**Exercise requirements:**
Copy out again, unchanged, the listing below from the line that has "Medias sexis de" through the line that has "10月18日,人们在加拿大安大略省米西索加举办的灯展上参观。".

**Study material:**
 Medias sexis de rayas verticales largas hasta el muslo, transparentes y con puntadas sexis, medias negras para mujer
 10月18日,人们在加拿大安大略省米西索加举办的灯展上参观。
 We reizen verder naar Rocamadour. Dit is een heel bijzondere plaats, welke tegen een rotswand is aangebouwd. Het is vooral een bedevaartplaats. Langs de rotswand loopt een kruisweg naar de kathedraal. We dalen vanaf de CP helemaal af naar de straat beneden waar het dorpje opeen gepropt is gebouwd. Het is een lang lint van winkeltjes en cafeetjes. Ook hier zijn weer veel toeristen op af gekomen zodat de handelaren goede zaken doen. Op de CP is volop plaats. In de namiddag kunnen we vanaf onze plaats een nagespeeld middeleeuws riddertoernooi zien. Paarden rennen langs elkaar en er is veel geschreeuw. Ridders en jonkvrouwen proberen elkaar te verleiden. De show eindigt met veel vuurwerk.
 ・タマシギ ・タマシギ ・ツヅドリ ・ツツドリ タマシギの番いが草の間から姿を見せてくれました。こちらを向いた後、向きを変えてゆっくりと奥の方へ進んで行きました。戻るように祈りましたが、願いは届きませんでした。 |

---

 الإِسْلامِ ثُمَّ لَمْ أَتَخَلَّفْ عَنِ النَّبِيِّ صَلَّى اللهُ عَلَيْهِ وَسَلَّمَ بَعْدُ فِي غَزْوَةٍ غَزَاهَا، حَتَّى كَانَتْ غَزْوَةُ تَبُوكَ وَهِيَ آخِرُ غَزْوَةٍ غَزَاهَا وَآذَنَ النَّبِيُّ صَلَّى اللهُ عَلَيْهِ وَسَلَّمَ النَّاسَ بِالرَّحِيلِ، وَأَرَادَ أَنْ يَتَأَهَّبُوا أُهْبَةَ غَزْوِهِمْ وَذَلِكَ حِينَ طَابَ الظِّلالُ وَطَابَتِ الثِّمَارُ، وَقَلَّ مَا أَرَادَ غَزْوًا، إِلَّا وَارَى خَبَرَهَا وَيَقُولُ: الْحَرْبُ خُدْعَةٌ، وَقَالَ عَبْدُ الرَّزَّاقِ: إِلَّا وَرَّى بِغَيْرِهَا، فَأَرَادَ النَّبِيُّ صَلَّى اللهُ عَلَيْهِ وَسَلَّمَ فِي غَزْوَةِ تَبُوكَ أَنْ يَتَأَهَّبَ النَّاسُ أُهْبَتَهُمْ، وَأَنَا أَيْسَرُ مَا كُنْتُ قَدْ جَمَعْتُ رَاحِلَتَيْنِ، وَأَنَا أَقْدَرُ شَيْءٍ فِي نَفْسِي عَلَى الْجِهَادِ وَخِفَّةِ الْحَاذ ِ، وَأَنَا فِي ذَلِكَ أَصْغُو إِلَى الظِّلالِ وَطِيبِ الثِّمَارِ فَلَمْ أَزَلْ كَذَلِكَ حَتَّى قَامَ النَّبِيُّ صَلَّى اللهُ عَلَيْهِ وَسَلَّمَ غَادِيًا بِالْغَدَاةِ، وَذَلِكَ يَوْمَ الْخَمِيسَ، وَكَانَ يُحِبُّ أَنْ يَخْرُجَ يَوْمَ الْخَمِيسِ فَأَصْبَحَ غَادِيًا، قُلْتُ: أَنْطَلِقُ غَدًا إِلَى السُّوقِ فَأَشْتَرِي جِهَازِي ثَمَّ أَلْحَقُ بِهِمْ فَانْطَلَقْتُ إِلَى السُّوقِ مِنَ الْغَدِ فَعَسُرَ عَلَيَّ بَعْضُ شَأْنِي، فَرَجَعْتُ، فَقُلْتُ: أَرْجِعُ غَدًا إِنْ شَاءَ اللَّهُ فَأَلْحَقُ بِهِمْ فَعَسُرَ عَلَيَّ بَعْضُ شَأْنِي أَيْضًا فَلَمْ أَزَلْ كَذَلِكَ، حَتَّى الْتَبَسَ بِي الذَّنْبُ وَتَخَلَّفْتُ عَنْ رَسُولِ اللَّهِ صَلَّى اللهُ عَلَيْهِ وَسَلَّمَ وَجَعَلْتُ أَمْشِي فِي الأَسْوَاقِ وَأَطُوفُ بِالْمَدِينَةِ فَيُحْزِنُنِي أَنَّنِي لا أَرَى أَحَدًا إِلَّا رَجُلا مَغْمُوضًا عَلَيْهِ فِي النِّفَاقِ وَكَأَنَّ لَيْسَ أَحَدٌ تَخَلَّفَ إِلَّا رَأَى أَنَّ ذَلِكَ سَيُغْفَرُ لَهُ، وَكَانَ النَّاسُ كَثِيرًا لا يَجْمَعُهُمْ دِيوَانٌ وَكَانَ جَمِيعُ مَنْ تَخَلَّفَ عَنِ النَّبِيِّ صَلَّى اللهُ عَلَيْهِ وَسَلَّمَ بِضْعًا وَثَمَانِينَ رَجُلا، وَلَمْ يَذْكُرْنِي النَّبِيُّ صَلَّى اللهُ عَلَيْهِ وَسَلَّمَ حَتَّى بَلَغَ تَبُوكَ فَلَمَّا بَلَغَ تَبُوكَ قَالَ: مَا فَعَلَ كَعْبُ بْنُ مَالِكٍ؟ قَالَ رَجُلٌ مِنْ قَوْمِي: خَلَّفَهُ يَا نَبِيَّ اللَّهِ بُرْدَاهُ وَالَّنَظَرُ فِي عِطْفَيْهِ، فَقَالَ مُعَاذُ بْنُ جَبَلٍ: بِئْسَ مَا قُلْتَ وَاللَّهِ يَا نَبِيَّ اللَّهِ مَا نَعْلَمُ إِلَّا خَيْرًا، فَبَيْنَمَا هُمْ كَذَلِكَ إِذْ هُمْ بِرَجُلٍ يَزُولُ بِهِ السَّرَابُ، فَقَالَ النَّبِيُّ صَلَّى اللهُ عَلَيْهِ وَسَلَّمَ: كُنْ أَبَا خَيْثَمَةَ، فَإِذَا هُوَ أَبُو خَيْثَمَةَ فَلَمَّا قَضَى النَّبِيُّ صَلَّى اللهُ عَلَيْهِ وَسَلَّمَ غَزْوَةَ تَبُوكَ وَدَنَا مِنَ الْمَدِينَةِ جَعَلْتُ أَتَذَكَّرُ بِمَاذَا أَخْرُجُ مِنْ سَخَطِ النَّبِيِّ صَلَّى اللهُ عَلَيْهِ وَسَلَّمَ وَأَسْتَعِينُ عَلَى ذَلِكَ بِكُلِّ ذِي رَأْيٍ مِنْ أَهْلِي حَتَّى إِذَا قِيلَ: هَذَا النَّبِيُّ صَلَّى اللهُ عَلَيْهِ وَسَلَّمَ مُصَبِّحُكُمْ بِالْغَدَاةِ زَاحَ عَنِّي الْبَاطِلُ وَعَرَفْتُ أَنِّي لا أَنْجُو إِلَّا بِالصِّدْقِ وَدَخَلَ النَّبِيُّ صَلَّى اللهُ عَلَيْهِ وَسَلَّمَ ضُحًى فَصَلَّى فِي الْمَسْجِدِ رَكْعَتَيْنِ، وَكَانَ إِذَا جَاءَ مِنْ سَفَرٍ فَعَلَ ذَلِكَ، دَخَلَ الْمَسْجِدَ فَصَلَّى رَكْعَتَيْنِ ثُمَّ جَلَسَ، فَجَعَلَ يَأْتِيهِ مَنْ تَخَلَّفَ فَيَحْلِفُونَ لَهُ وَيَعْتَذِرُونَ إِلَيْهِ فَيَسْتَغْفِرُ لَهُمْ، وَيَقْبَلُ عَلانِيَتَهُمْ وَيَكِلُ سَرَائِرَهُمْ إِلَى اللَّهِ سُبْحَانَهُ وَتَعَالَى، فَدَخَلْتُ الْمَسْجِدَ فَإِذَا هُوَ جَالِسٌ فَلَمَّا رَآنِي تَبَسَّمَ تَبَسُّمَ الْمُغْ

**Result of this exercise:**
 Medias sexis de rayas verticales largas hasta el muslo, transparentes y con puntadas sexis, medias negras para mujer
 10月18日,人们在加拿大安大略省米西索加举办的灯展上参观。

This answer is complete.